◆ **PROBLEM STATEMENT**
From the line that contains "Tribratanewsacehselatan – Dalam" to the last line of the data below, transcribe every line exactly. Do not include the pictures.

== Segment start ==

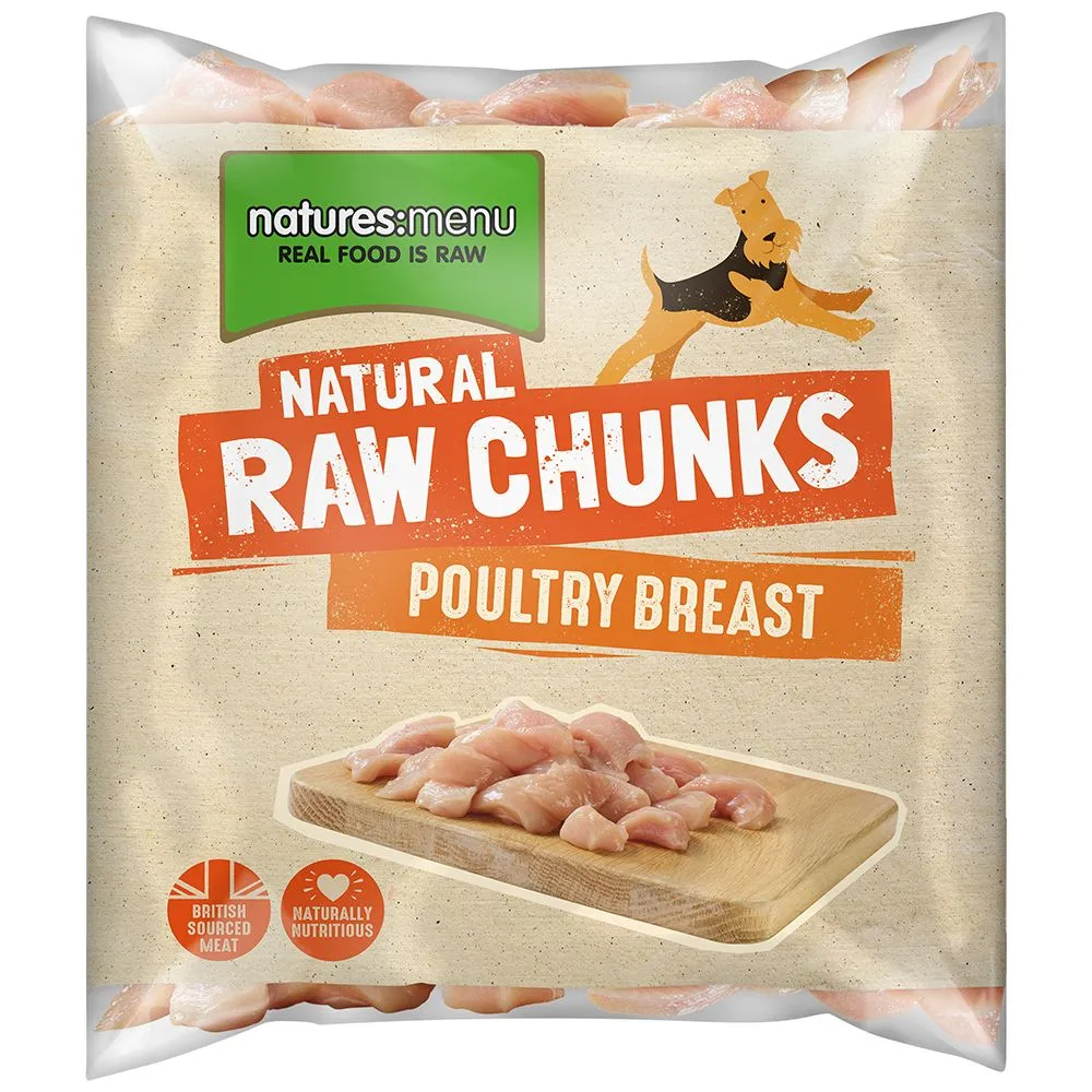 Natures Menu Chunks are designed to be fed as a tasty raw treat or as the meat element within a home prepared raw diet for your dog.
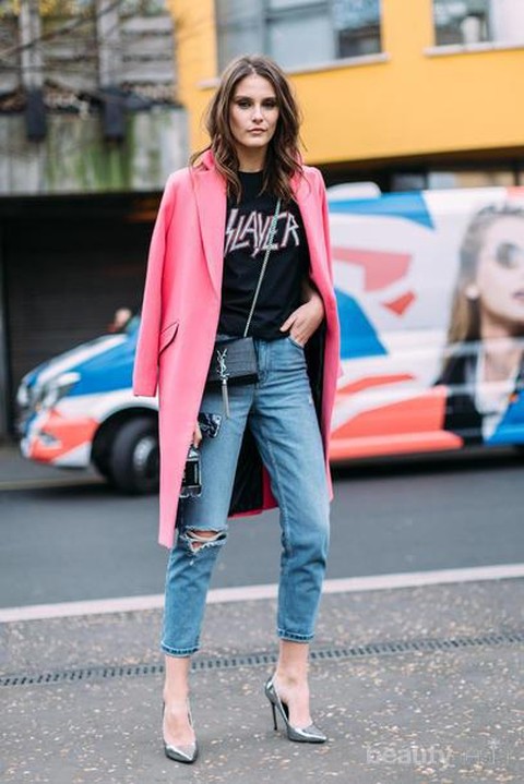 Gaya yang satu ini bisa bikin kamu fashionable banget. Kamu bisa memadukan ripped jeans dengan kaos kesukaanmu, kemudian tambahkan coat panjang sebagai outer. Jika kamu ingin bermain dengan warna, kamu bisa menggunakan kaos band berwarna hitam dan dipadukan dengan coat berwarna cerah seperti warna pink contohnya. Agar penampilanmu lebih maksimal, kamu bisa menggunakan high heels untuk menyempurnakan penampilanmu.
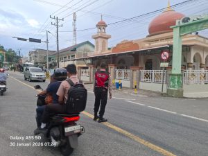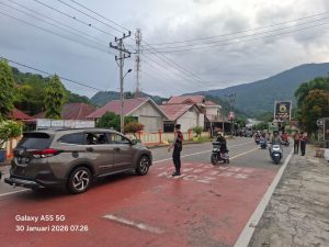 Tribratanewsacehselatan – Dalam rangka memberikan pelayanan terbaik kepada masyarakat, Sat Samapta Polres Aceh Selatan Polda Aceh melaksanakan kegiatan strong point pagi dengan menempatkan personel di sejumlah titik strategis pada jam sibuk pagi hari. Kegiatan ini bertujuan untuk menciptakan rasa aman dan nyaman bagi masyarakat yang memulai aktivitas, khususnya saat arus lalu lintas mulai meningkat, Jumat, 30 Januari 2026.
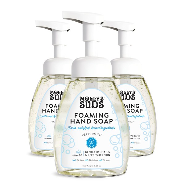 Molly's Suds Foaming Hand Soap - Made with Aloe and Coconut Oil | Moisturizing Hand Wash | Plant-Based, Infused with Essential Oils | Peppermint - 8.25 Oz (Pack of 3)
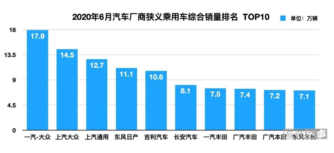 (注:数据来源乘联会6月狭义乘用车综合销量,与传统官方数据统计方式有差异,仅供参考。)

== Segment end ==

◆ **OUTPUT OF THE TASK**
 Tribratanewsacehselatan – Dalam rangka memberikan pelayanan terbaik kepada masyarakat, Sat Samapta Polres Aceh Selatan Polda Aceh melaksanakan kegiatan strong point pagi dengan menempatkan personel di sejumlah titik strategis pada jam sibuk pagi hari. Kegiatan ini bertujuan untuk menciptakan rasa aman dan nyaman bagi masyarakat yang memulai aktivitas, khususnya saat arus lalu lintas mulai meningkat, Jumat, 30 Januari 2026.
 Molly's Suds Foaming Hand Soap - Made with Aloe and Coconut Oil | Moisturizing Hand Wash | Plant-Based, Infused with Essential Oils | Peppermint - 8.25 Oz (Pack of 3)
 (注:数据来源乘联会6月狭义乘用车综合销量,与传统官方数据统计方式有差异,仅供参考。)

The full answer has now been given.